What you are asked to do =
Look through the entries below for the line with "20 พฤศจิกายน 2564, กรุงเทพมหานคร" and the line with "Сайра тихоокеанская натуральная", then give again exactly those two lines and all lines between them, minus the pictures.

Given information =
★ ★ ★ ★

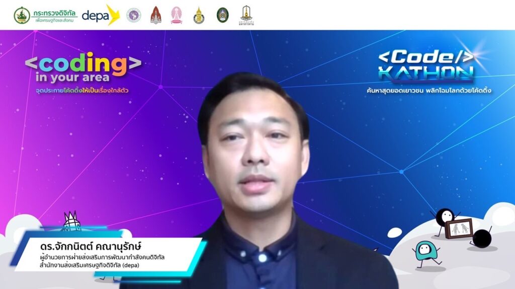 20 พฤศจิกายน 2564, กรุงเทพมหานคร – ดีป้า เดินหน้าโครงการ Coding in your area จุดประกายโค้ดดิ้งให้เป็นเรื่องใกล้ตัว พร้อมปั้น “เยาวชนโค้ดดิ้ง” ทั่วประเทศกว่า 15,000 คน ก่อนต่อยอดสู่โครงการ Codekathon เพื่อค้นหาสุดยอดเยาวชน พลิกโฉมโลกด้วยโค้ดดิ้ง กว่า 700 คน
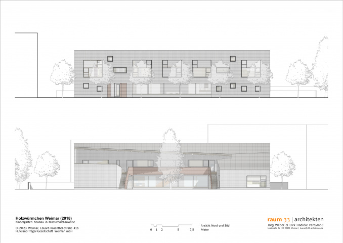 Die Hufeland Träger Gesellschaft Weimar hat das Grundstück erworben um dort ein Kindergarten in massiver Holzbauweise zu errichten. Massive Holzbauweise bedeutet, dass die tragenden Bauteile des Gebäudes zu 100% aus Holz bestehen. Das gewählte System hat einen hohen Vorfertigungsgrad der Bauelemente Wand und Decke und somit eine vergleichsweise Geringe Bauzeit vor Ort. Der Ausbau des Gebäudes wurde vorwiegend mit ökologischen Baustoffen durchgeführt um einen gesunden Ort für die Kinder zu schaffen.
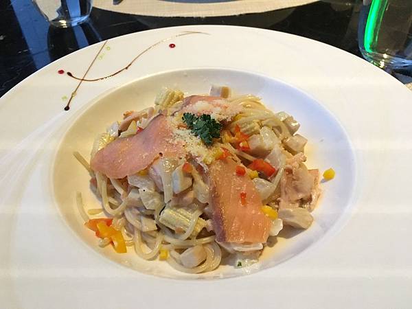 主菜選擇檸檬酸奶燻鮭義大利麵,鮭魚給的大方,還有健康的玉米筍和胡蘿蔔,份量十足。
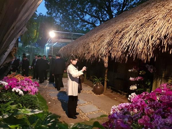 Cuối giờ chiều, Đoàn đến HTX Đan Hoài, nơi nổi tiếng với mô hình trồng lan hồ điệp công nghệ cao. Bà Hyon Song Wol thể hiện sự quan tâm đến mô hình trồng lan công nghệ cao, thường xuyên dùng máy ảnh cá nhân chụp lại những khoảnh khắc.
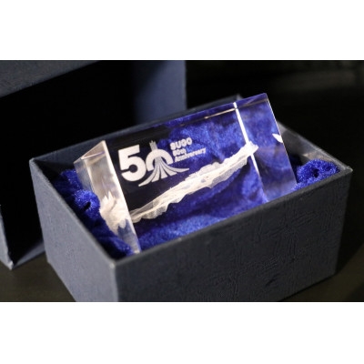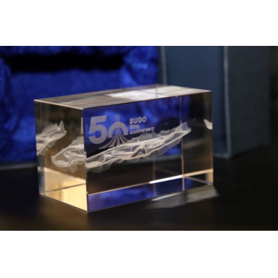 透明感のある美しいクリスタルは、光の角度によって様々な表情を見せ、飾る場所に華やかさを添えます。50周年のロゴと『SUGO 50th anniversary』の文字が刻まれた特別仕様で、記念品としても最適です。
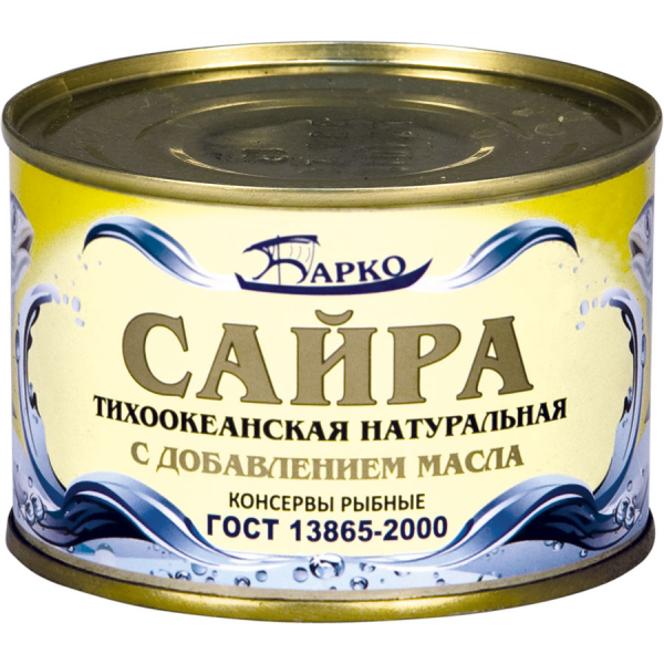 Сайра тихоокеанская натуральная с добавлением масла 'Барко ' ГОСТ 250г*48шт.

★ ★ ★ ★

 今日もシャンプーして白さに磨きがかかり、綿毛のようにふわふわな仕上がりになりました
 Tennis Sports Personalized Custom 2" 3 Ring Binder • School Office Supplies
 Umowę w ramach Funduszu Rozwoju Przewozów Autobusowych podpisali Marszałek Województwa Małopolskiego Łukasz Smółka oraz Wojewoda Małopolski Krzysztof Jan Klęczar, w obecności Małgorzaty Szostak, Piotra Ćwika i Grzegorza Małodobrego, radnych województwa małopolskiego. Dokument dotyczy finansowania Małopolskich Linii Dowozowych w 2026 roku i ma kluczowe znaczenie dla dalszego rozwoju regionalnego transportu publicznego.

★ ★ ★ ★

Task solution =
 20 พฤศจิกายน 2564, กรุงเทพมหานคร – ดีป้า เดินหน้าโครงการ Coding in your area จุดประกายโค้ดดิ้งให้เป็นเรื่องใกล้ตัว พร้อมปั้น “เยาวชนโค้ดดิ้ง” ทั่วประเทศกว่า 15,000 คน ก่อนต่อยอดสู่โครงการ Codekathon เพื่อค้นหาสุดยอดเยาวชน พลิกโฉมโลกด้วยโค้ดดิ้ง กว่า 700 คน
 Die Hufeland Träger Gesellschaft Weimar hat das Grundstück erworben um dort ein Kindergarten in massiver Holzbauweise zu errichten. Massive Holzbauweise bedeutet, dass die tragenden Bauteile des Gebäudes zu 100% aus Holz bestehen. Das gewählte System hat einen hohen Vorfertigungsgrad der Bauelemente Wand und Decke und somit eine vergleichsweise Geringe Bauzeit vor Ort. Der Ausbau des Gebäudes wurde vorwiegend mit ökologischen Baustoffen durchgeführt um einen gesunden Ort für die Kinder zu schaffen.
 主菜選擇檸檬酸奶燻鮭義大利麵,鮭魚給的大方,還有健康的玉米筍和胡蘿蔔,份量十足。
 Cuối giờ chiều, Đoàn đến HTX Đan Hoài, nơi nổi tiếng với mô hình trồng lan hồ điệp công nghệ cao. Bà Hyon Song Wol thể hiện sự quan tâm đến mô hình trồng lan công nghệ cao, thường xuyên dùng máy ảnh cá nhân chụp lại những khoảnh khắc.
 透明感のある美しいクリスタルは、光の角度によって様々な表情を見せ、飾る場所に華やかさを添えます。50周年のロゴと『SUGO 50th anniversary』の文字が刻まれた特別仕様で、記念品としても最適です。
 Сайра тихоокеанская натуральная с добавлением масла 'Барко ' ГОСТ 250г*48шт.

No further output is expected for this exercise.